Ele pensou e parecia cogitar me contar algo doloroso, então encheu a sua taça de vinho e falou baixo, como se tivesse dificuldade:
⸺ Tive uma, ela era incrível e eu era apaixonado por ela, mas eu tenho um problema com a vida ou com a morte, como preferir, todas as pessoas que eu amo... eu perco. ⸺ Ele bebeu um gole do vinho e ainda olhava para baixo.
⸺ Como era o nome dela? ⸺ perguntei, já sentindo um caroço se formar na minha garganta por ver sua tristeza.
⸺ Aline. ⸺ Ele riu sem vontade como se segurasse as lágrimas. ⸺ Ela morreu no dia em que me contou que estava grávida e foi o dia mais feliz e mais triste da minha vida. Uma bala perdida, uma maldita bala perdida que podia ter me atingido, mas atingiu a ela e eu não consegui protegê-la.
Eu estava com os olhos marejados.
⸺ Sinto muito ⸺ consegui dizer, tentando segurar as lágrimas.
⸺ Isso faz nove anos e eu nunca mais consegui ter ninguém. ⸺ Deu mais um gole do vinho. ⸺ E depois da morte da Aline e do bebê que ela esperava, larguei a faculdade de letras e decidi me tornar segurança na tentativa de descontar toda a minha frustação de não ter conseguido defender a mulher que eu amava, defendendo outras pessoas da morte. ⸺ Ele riu. ⸺ Segui levando a vida de maneira automática, moro sozinho em um Kitnet e guardo todo o dinheiro que ganho, pois não tenho planos nem sonhos nem nada que eu queira tanto ou que me anime a gastá-lo, então criei o hábito de guardá-lo e com isso apenas sigo.

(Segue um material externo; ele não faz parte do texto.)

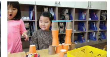
쌓은 컵 위에 막대를 올려 보기도 한다.
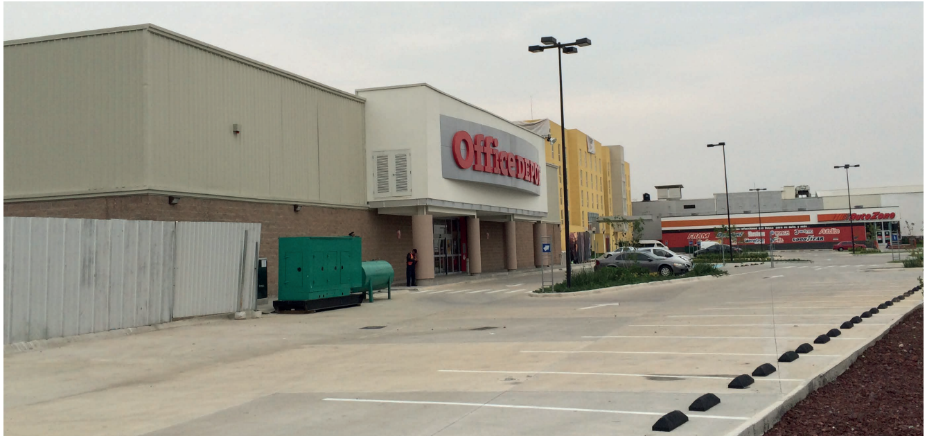
Predio Bazar Orientes Calle Hualquila Esq. Eje 6 Sur Delegación Iztapalapa.
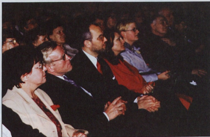
Med udeleženkami proslave je bilo veliko sindikalistov.

Udeleženske in udeleženci so bili s proslavo, ki je bila zares odlično pripravljena, zelo zadovoljni, kar so izpričali s številnimi in dolgotrajnimi aplavzi. Zato si vsi, ki so sodelovali v organizacijskem odboru, zaslužijo, da jih omenimo. Proslavo so organizirali: vladni urad za enake možnosti, mestna občina Maribor, Zveza svobodnih sindikatov Slovenije, Sindikat zdravstva in socialnega skrbstva Slovenije, Sin-
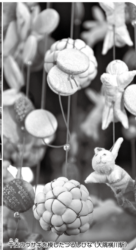
干支のウサギを模したつるしびな(大隅横川駅)

⸺ Somos parecidos ⸺ falei no automático, ele levantou o olhar e me encarou.⸺ Eu também ultimamente apenas sigo e consigo entender o que você vem sentindo todos esses anos, Othon, e sei o quanto sente-se... sufocado. Eu não ando tendo motivos para sorrir e apesar de não ter perdido ninguém, sinto a morte quando penso que uma parte de mim morreu, ou melhor, uma parte de mim foi morta por críticas e cobranças.
Ele assentiu, ficamos em silêncio até que eu falei baixo:
⸺ Sinto muito por suas perdas e entendo perfeitamente a sua dor, mas você não pode pensar que você morreu também. Você ainda está vivo e posso não ser a pessoa mais indicada para dar esse conselho, porém, sempre fui melhor em aconselhar do que seguir conselhos, então acho que você já viveu seu luto e tem que honrar as pessoas que se foram, vivendo. E se algo acontecer e você perder alguém, isso é a vida, um dia será alguém perdendo você.
Ele ficou de cabeça baixa e parecia apertar os lábios se controlando até que disse:
⸺ Obrigado, eu precisava ouvir isso e saiba que eu também sinto pelas suas perdas. ⸺ Othon falou baixo e depois me encarou. ⸺ Percebi o quanto você tem que aguentar e você é muito forte por se manter com sanidade naquela casa, vejo você como uma pessoa que tem tudo e ao mesmo tempo não tem nada. ⸺ Eu tive que desviar o olhar do seu e com os olhos fechados, senti as lágrimas escorreram por meu rosto.
⸺ É exatamente isso ⸺ sussurrei, aliviada por alguém enfim me entender.
Com isso ficamos em silêncio e só o barulho dos trovões lá fora, era ouvido entre nós. Ficamos sem assunto para continuar e ambos sentindo o peso das nossas vidas, mas pela primeira vez eu não me senti culpada por ter tudo e reclamar, pela primeira vez eu senti que alguém entendia que eu tinha problemas e entendia o que eu sentia. Um estranho que entrou na minha vida há dois dias, me entendia tão perfeitamente que eu tinha até medo.